По дороге на Белужий мыс, возле Чертовой избы – старой, покосившейся хаты, с надписью «ИНВ №19», в которой укрывались от шторма колхозные рыбаки, была пришвартована лодка.

В Белом море редко можно встретить чужие судна, как правило в этом районе из заезжих только катамараны, катера – все с туристической базы, да лодки деревенских рыбаков. Местные всех знают наперечёт и поэтому если в водах проплыло неизвестное судно о нем сразу начинают судачить: кто таков и зачем здесь.

– Самоубийка, – одним словом ее охарактеризовал Андрей, он первым на правах единственного мужчины подошел к ней и тут же отпрыгнул: возле кормы на коротком поводке была привязана собака, мелкий черный щенок дворовой породы. Видимо, она устала настолько, то даже лаять не было сил, щен поставил лапы на бортовину и завилял хвостом.

Андрей осмотрел лодку внимательно, и сразу сложилось ощущение, что приплыла она сюда из 60-х годов. Внутри обитая желтым пенопластом, места мало даже ребенку, ее цвет темно серый, аккурат под деревенские избы, которые стоят на ветру уже шестой десяток.

– Пни ее и развалится, – сказал Андрей и потеребил бортовину, он удивился, как некрепкие стены лодки не остались у него в руках. – Она же гнилая.

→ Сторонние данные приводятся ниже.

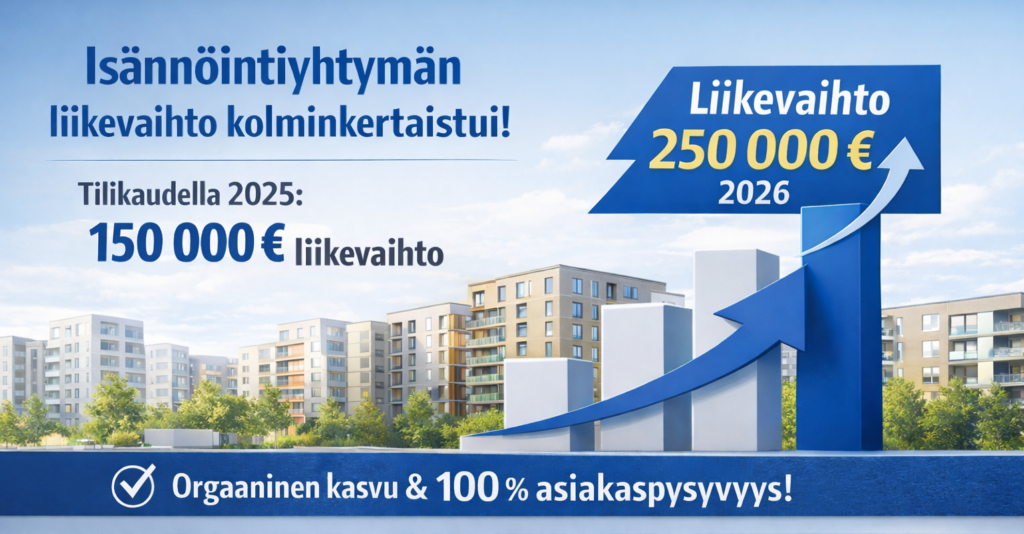 Isännöintiyhtymä Oy:n liikevaihto nousi tilikaudella 2025 noin 150 000 euroon, mikä tarkoittaa liikevaihdon kolminkertaistumista edellisvuoteen verrattuna. Tasainen kasvu on saavutettu orgaanisesti ja yrityksen liiketoiminta on kannattavaa. Kasvu perustuu hallittuun asiakasmäärän… Lue lisää: Isännöintiyhtymän liikevaihto kolminkertaistui tilikaudella 2025 - Isännöintiyhtymä nyt TikTokissa!

Туристки тоже осмотрели местную достопримечательность, кто-то даже сфотографировал. Собака присела и подмела хвостом песок. Она была привязана к лодке старой, местами подранной шлейкой цвета хаки. Пес был дружелюбен, залился бодрым лаем на чужаков.

Андрей посмотрел – от лодки по песку шли следы сапог размера сорок второго – сорок третьего, это он мог определить так как самого природа наградила сорокшестым. А это стандартный, мужичка среднего роста и телосложения.

– Отлить побежал, наверное, хозяин, да? – спросила одна из туристок и потрепала по морде пса, он весело запрыгнул на нее, поставил передние лапы на живот.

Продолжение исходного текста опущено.